Many of the Cape Town Partnership’s projects have had a lasting impact on the Mother City, but there is one that stands head and shoulders above the rest: Creative Cape Town.
Started in 2006 to help unlock the potential of Cape Town’s blossoming creative economy, the platform served a variety of purposes – coordinating events, connecting people and communicating relevant news via the website and social media.
It proved to be an invaluable asset to anyone plying their trade in the creative industry and quickly racked – and continued to – a massive social media following.
In celebration of a job well done, we take a look at a few of Creative Cape Town’s brightest moments:
In 2008 and 2009, we collaborated with the Cape Town International Jazz Festival to present a week of music in the CBD as a lead up to the popular free Community Jazz Festival. On two of the days, St George’s Mall was transformed into a feast of pop-up performances, as local acts got office workers jigging and jiving during their lunch hour.
One standout performance during this time was a group featuring a talented female vocalist, who seemed to deserve more than busking outside the Woolworths in St George’s Mall. Turns out they did, as Die Antwoord, as they then became known, proved a few months later!
As the need for more robust creative industry networking events arose, Creative Clusters came into being in 2008. These inspiring events played an important role in fostering connections and collaborations among local designers and the like and became a forum for knowledge exchange and debate. The platform was revived in 2014 as a valuable addition to the World Design Capital events happening throughout the city.
Launched in 2009, the Creative Cape Town Annual provided a snapshot of the creative economy in the city and served to inform, inspire and advocate for the sector’s needs. The glossy journal had a reputation for being expertly researched and filled with interesting articles, interviews and quality images. Published by Bell Roberts, it was distributed for free during Creative Week and given to delegates attending the Loerie Awards.
Another momentous occasion in 2009 was the launch of the Cape Town Design Route in partnership with Cape Town Tourism and Interactive Africa (managers of Design Indaba).
The concept was to give visitors an opportunity to meander between 46 of the city’s top design outlets and destinations.
An official map was released during Design Indaba and became permanently available at all Cape Town Tourism Visitor Information Centres throughout the city.
Crowdsourced by Capetonians and coordinated by Creative Cape Town, Creative Week was an annual event taking place over nine days in September. It offered local creatives an opportunity to experience and contribute to the city’s energy and diversity.
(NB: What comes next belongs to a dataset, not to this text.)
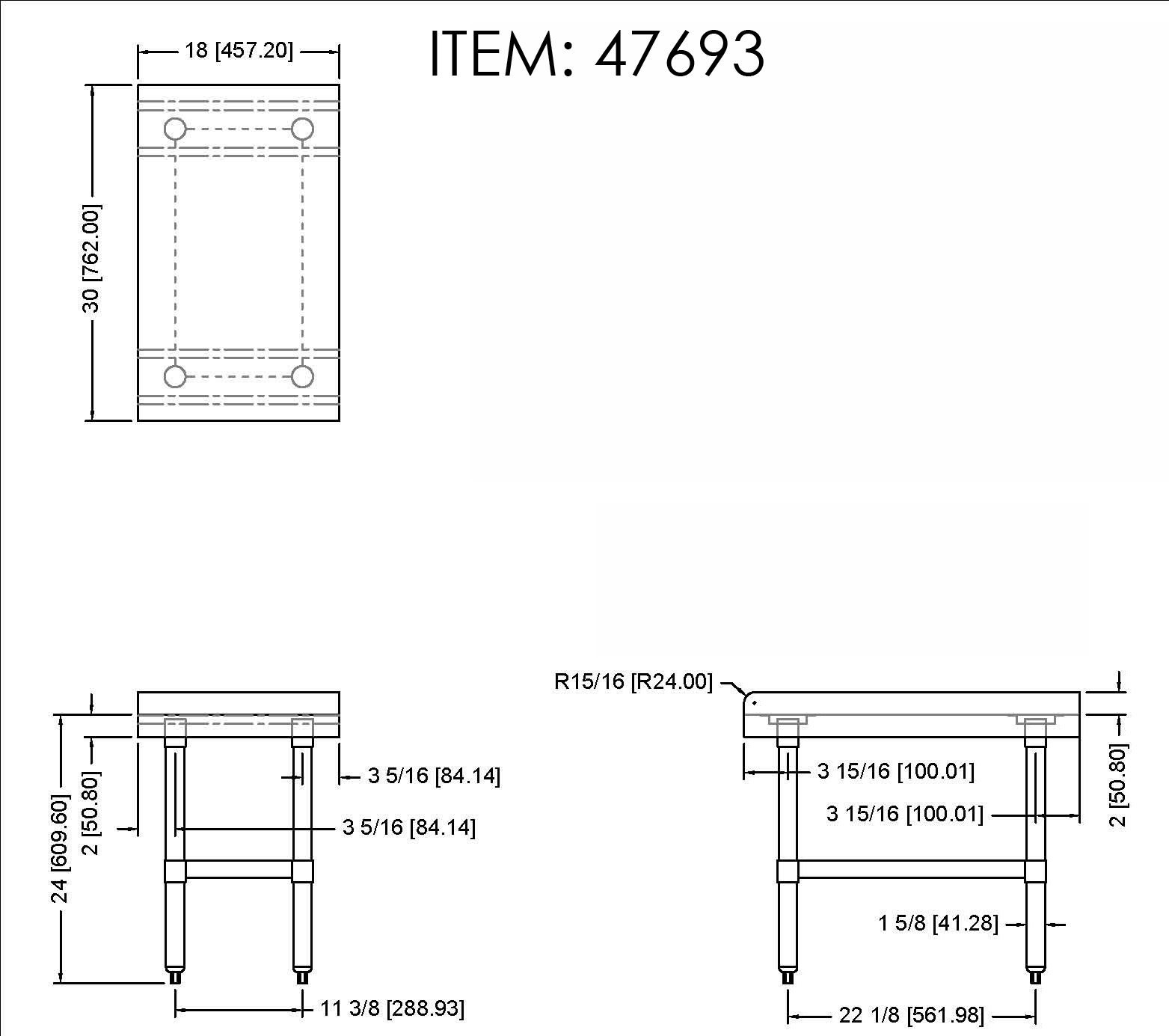 • 18-Gauge 430 Stainless Steel top shelf with 2″ turn up on left-rear-right sides

At the time, Cape Town Partnership CEO, Bulelwa Makalima-Ngewana, described it as follows: “This city is bursting at the seams with people and collectives who are doing creative and interesting things all the time. Creative Week opens up this energy, giving creatives a platform and explorers an exciting window into the culture of Cape Town right now.”
Grounded in Cape Town’s unique context and covering topics that would contribute to the growth, sustainability and general well-being of the creative industries, Design Dialogues was a platform for asking tough questions, making critical appraisals and considering South Africa’s unique offering within the global context.
These regular events created a space for emerging creatives to gain knowledge from thought leaders, as well as an opportunity to network, interact and forge cross-sector connections.
It was produced in partnership with the Cape Town Design Network.
The Partnership and Creative Cape Town played an instrumental role in ensuring that the Mother City put in a successful bid for the honour of being named World Design Capital 2014. Part of the process was producing a document known as the ‘Bid Book’. Comprising an introduction, stating the case for Cape Town and the way it has used design to help rebuild the city through community cohesion, followed by three chapters, each delving in a bit deeper into communities, infrastructure and the future, the book became – and remains – an invaluable document for the city’s creative industry.
The app came about in the context of our WDC2014 project to map Cape Town’s creative industries and serve as a virtual space for connection. At that time we recognised the need to have better insight into the economic trends at play in the local creative industries and wanted to help. Free to download, the app allowed users to access details (including the geographical location) of businesses and individual service providers spanning the breadth of the local creative sector. It also provided an accessible platform for the advertising of vacancies and an easy-to-use quick overview of local creative industries for visitors.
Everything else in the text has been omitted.